A federal judge imposed a nine-year sentence Thursday on a Glendale man who was convicted last year on charges of attempted aggravated sexual abuse for harassing a woman when both were cadets at the U.S. Merchant Marine Academy on Long Island.

Francis Crowley, 25, is expected to surrender to authorities on July 20 to begin his sentence, said his attorney, Mike Shaw.

“I have thought that his conviction for aggravated sexual abuse was a terrible miscarriage of justice and I thought his sentence of nine years in prison was outrageous,” said Shaw, who is planning an appeal.

The nine-year term was the minimum allowed under sentencing guidelines, according to federal attorney Cynthia Monaco, who prosecuted the case with Debra Newman. The conviction carries a maximum sentence of 11 years and three months.

Crowley was also ordered to pay $13,000 in restitution to cover the psychiatric bills and legal fees the victim incurred, Monaco said.

Although Shaw said his client would have faced a sentence of only a few months had the case been tried in state court, where he was originally charged, his former lawyers argued that it was a federal case because the incident occurred on federal property, Monaco said.

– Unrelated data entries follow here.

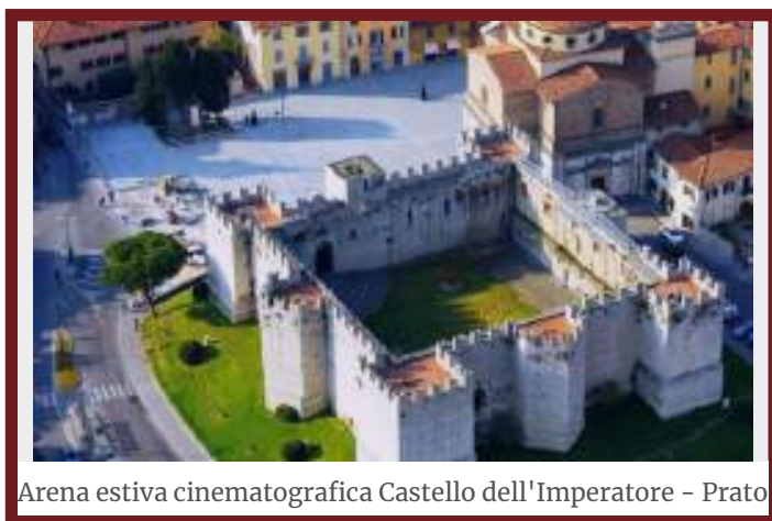
Arena estiva cinematografica Castello dell'Imperatore - Prato

“Il Prato Film Festival lancia un messaggio forte: la cultura non si può fermare.”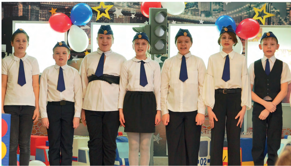
Выступление отряда ЮИД

– В первую очередь, ребята, я хочу поблагодарить наших педагогов за то, что они занимаются с вами, преподносят вам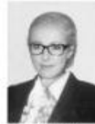
Ксения Анатолевна СОБЧАК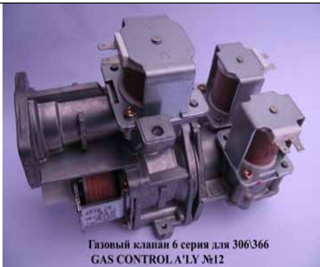
Газовый клапан котла Rinnai 6 серия (Цена 3060 руб)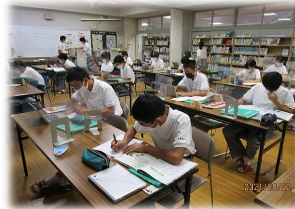
環境問題調べの様子

図書資料、タブレットを使用して「環境問題」について調べ、レポートにまとめました。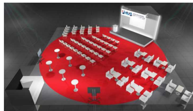
↓ プレゼンテーションエリア イメージ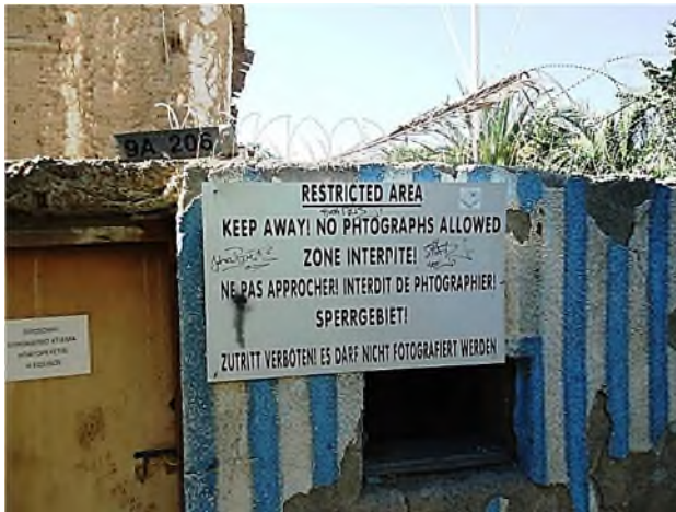
Nicosia: verdeelde stad

maar de schitterende badplaats Varosha, een wijk van Famagusta in het buffer-gebied is een complete spookstad geworden, zelfs met verroeste auto's in de straten. Met de bus reden we langs leegstaande, vervallen huizen achter prikkeldraad.

Crowley was found guilty Nov. 27 of one count of attempted aggravated sexual abuse by a federal court jury in Central Islip. He was acquitted on another charge of attempted sexual abuse.

The jury also acquitted his co-defendant, Steven Valjato of Richmond Hill, on the same charges.

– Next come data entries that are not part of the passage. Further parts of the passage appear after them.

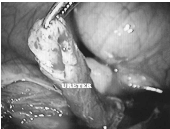
Figura 2. Espotulación ventral del uréter.

El procedimiento se inicia con la movilización del colon hacia medial y la identificación del uréter comprometido a la altura del cruce con los vasos ilíacos. Se disecciona el uréter sano lo más distal posible procurando no comprometer su irrigación, y se secciona. Obtenemos una muestra de uréter distal para biopsia contemporánea en el caso de tumor. El uréter enfermo se reseca sólo en caso que se considere necesario, de lo contrario se deja "in situ" . Luego de espatular el cabo ureteral sano, se disecciona la vejiga en su aspecto anterior (espacio de Retzius) en forma amplia. Se confecciona un flap de pared vesical en forma de trapecio cuya base está en la cúpula vesical y el ápice hacia el cuello. El flap se evierte y se sutura al extremo de uréter sano que se ha espatulado con una incisión en su aspecto ventral (Figura 2). La sutura se realiza con puntos separados de vicryl 4-0 comenzando en el aspecto posterior del flap de vejiga evertido (Figura 3). Luego se realiza el cierre de la vejiga con sutura corrida de vicryl 2-0 en continuidad con el neoureter que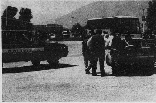
Pattuglie della Polstrada. Il sindacato Coisp chiede strutture adeguate per l'accoglienza dei clandestini

trattenuto negli uffici di appartenenza degli agenti, qualora venga rintracciato in giornata e orari di chiusura dell'ufficio. Stranieri e anche quando non sia disponibile il residente della giunta per la firma del decreto di espulsione. Ad Aosta l'emergenza stranieri si combatte così? Ci domandiamo se i cittadini siano informati della situazione attuale e se siano a conoscenza che per una semplice notifica di un provvedimento di espulsione, vengano privati dei servizi di pattugliamento, già precari per assoluta emergenza in fatto di organici. Ci chiediamo se non sia ora di organizzarsi in modo diverso per trattare gli stranieri irregolari, creando subito un centro di permanenza temporanea, senza togliere al cittadino i normali servizi di pattugliamento soltanto per tempo, non può andare tranquillamente in giro per poi ripresentarsi al 16° giorno per essere espulso. Ma chi ci crede?». [s. ser.]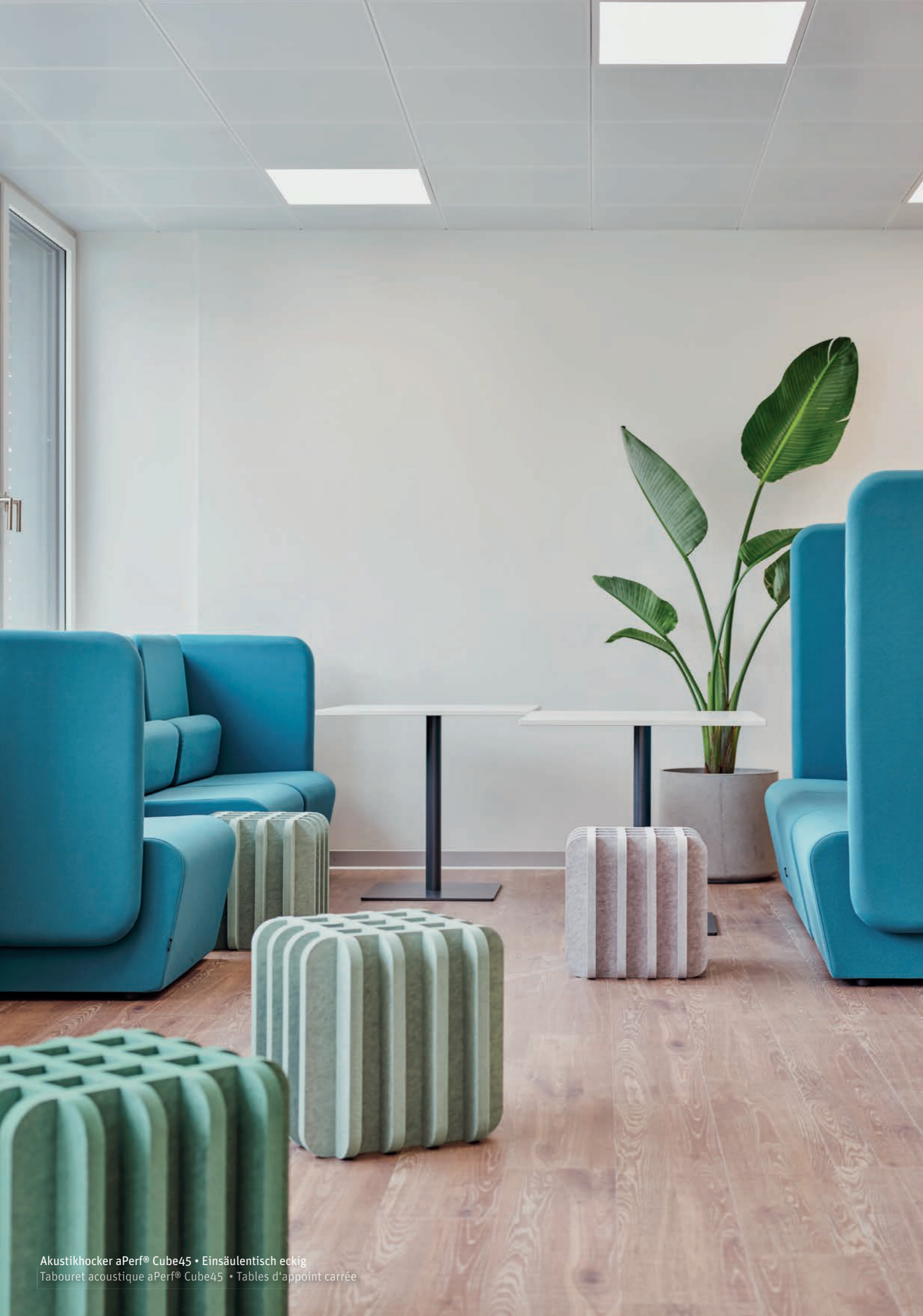
Akustikhocker aPerf® Cube45 • Einsäulentisch eckig Tabouret acoustique aPerf® Cube45 • Tables d'appoint carrée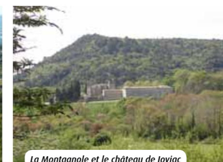
La Montagnole et le château de Joviac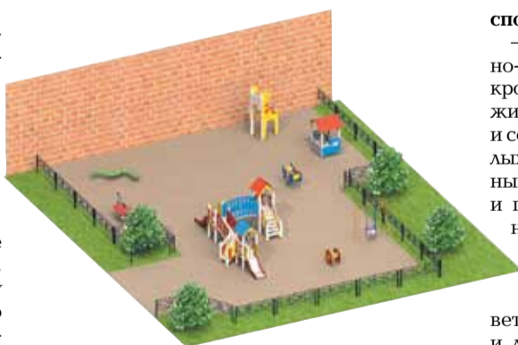
Макет детской площадки. Коломенская ул., 8

Приглашаем и жителей округа принять участие в Дне благоустройства — 23 апреля. Депутаты Муниципального Совета и служащие также примут участие в месячнике благоустройства. Во время субботников будет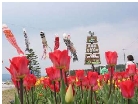
チューリップフェア5月

《球根掘起し(2019年70名・2018年70名・2017年50名)・球根植え(2019年100名 2018年110名・2017年100名) ・福島町植栽(2019年25名)》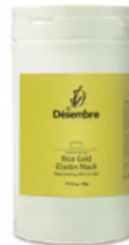
Эластиновая маска на основе риса и золота Rice Gold Elastin Mask 500 г

Декстрин: углевод, который вырабатывается в результате гидролиза крахмала. При контакте с водой становится вязким, обеспечивая уход за порами и эффект лифтинга. Альгин: компонент, добываемый из морских водорослей. Разглаживает текстуру кожи.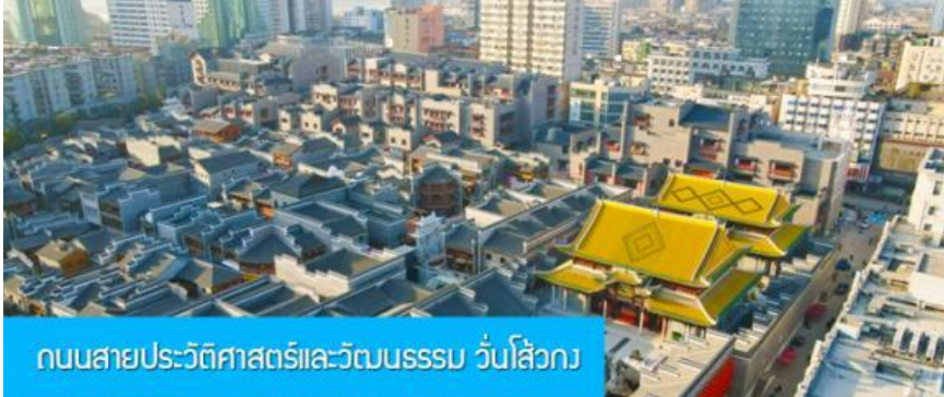
ถนนสายประวัติศาสตร์และวัฒนธรรม วันไ้่วกง

พักที่ โรงแรม JIANGNAN HAOTING HOTEL ระดับ 4 ดาวท้องถิ่นหรือเทียบเท่าในเมืองซ่งเหรา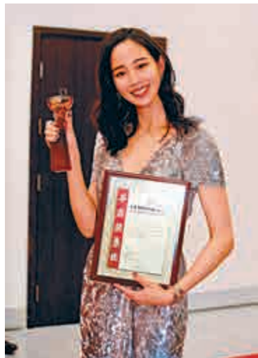
▲張鈞甯喜獲女配角獎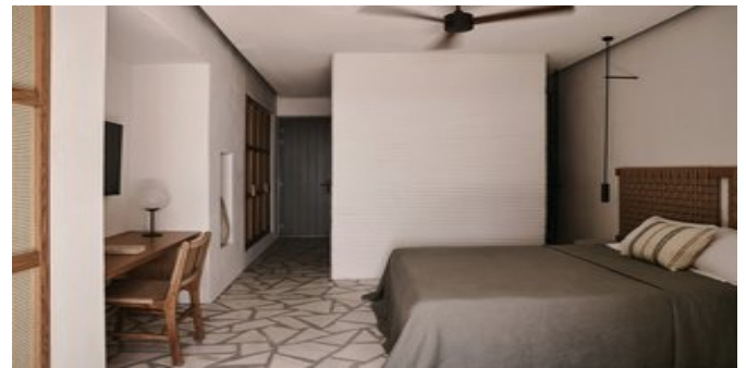
Wohnbeispiel Junior Suiten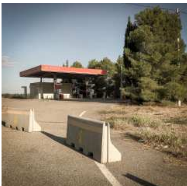
AITONA. Gasolinera abandonada a l'entrada del poble.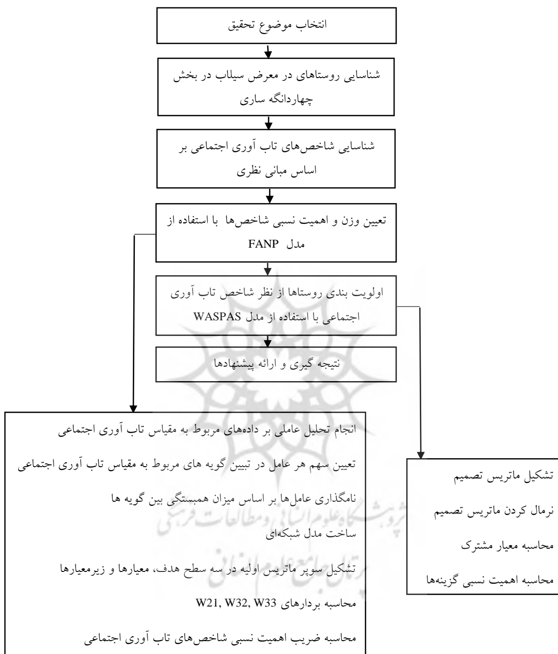
شکل ۱- مدل اجرایی تحقیق

Crowley is the cousin of U.S. Rep. Joseph Crowley (D-Jackson Heights) and the brother of Elizabeth Crowley, who lost a city council election to Dennis Gallagher (R-Middle Village) in November.

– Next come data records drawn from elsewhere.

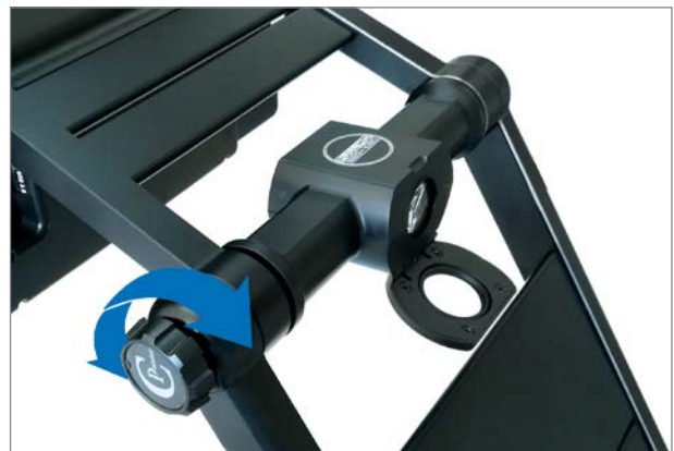
ClearView GO 15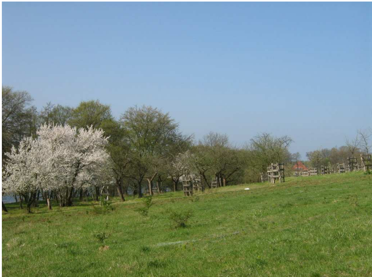
Obstwiese Seewalde – zwischen See und Wald ....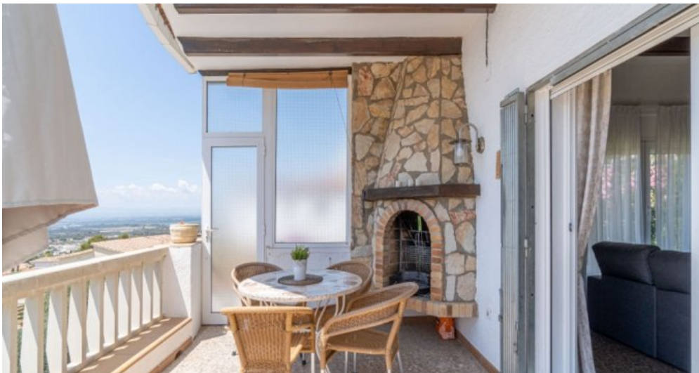
Ferienvilla privater Pool und Blick auf die Bucht von Rosas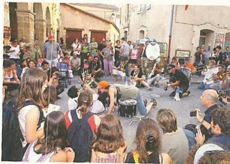
Les spectacles de rue, c'est la spécialité du festival «Rues et Vous».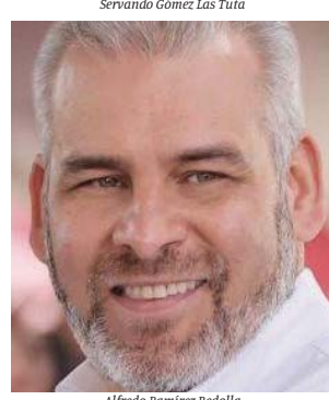
Alfredo Ramírez Bedolla

El héroe de carne y hueso La tragedia de Uruapan es un llamado a la reflexión y a la acción. No podemos seguir permitiendo que la violencia y la impunidad se apoderen de nuestro país. Es necesario fortalecer las instituciones, combatir la corrupción y promover una cultura de legalidad y respeto a los derechos humanos. El legado de Carlos Manzo, el héroe que despertó al tigre, debe ser un faro que ilumine el camino hacia un futuro de paz y justicia para todos los mexicanos.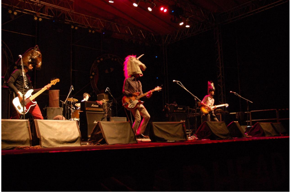
圖三：「拾參樂團」戴上馬臉面具現場演出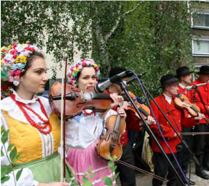
Były również akcenty ludowe...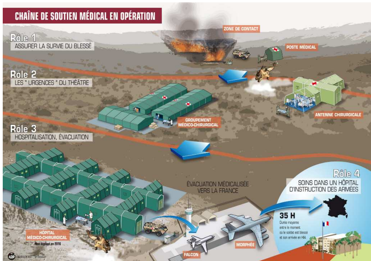
Figure 1 : Chaîne du soutien médical en opération

de matériels, consommables et médicaments, auquel peuvent s'ajouter des lots complémentaires selon les besoins de la mission.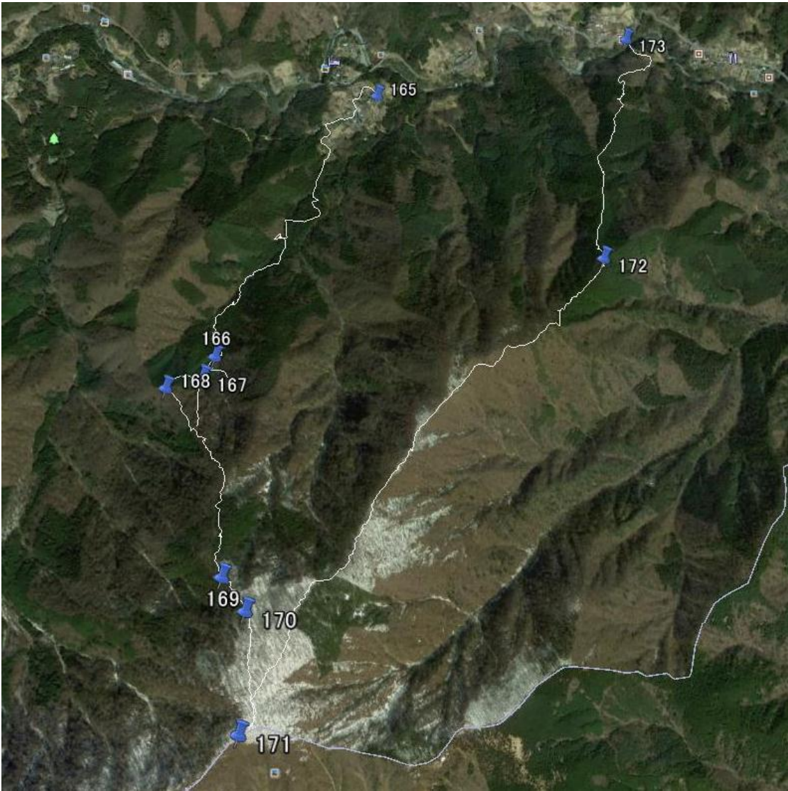
(平成 25 年 7 月 20 日 中道 記)

The charges stemmed from an early morning incident that took place Sept. 28, 1997 in the victim’s dorm room at the U.S. Merchant Marine Academy at Kings Point on Long Island.

According to the federal complaint dated August 1998, Crowley and Valjato entered the victim’s room at 4:50 a.m. to speak with her roommate but began harassing her when she refused to smoke drugs with them.

In an interview shortly after the conviction, Newman said Crowley had pinned the victim down in her bed while Valjato allegedly stood by his side and prevented her from exiting the room.

“The evidence revealed that he and the co-defendant basically cornered the victim as she was laying in her dormitory bed and used force, fear and threats in an attempt to engage her to perform in a sexual act,” Newman said at the time.

Crowley fondled the victim’s breasts, according to the complaint, and attempted to perform oral sex on her, Newman said.

They left the room after she persistently refused to give in, the complaint said.

Shaw said the nine-year sentence is unjust because Crowley “voluntarily left her room.”

“I believe it is beyond belief that a sentence of that length could be imposed,” he said.

Both Crowley and Valjato resigned from the academy when a formal investigation into the incident was launched, according to the criminal complaint.

A 1999 conviction of Crowley and Valjato on both charges was thrown out by the U.S. Court of Appeals in August 2000, which ruled that the jury should have been allowed to consider the men’s intoxication at the time of the incident.

The case was heard in federal court because it took place on the campus of the Merchant Marine Academy, where there is exclusive federal jurisdiction, Newman said.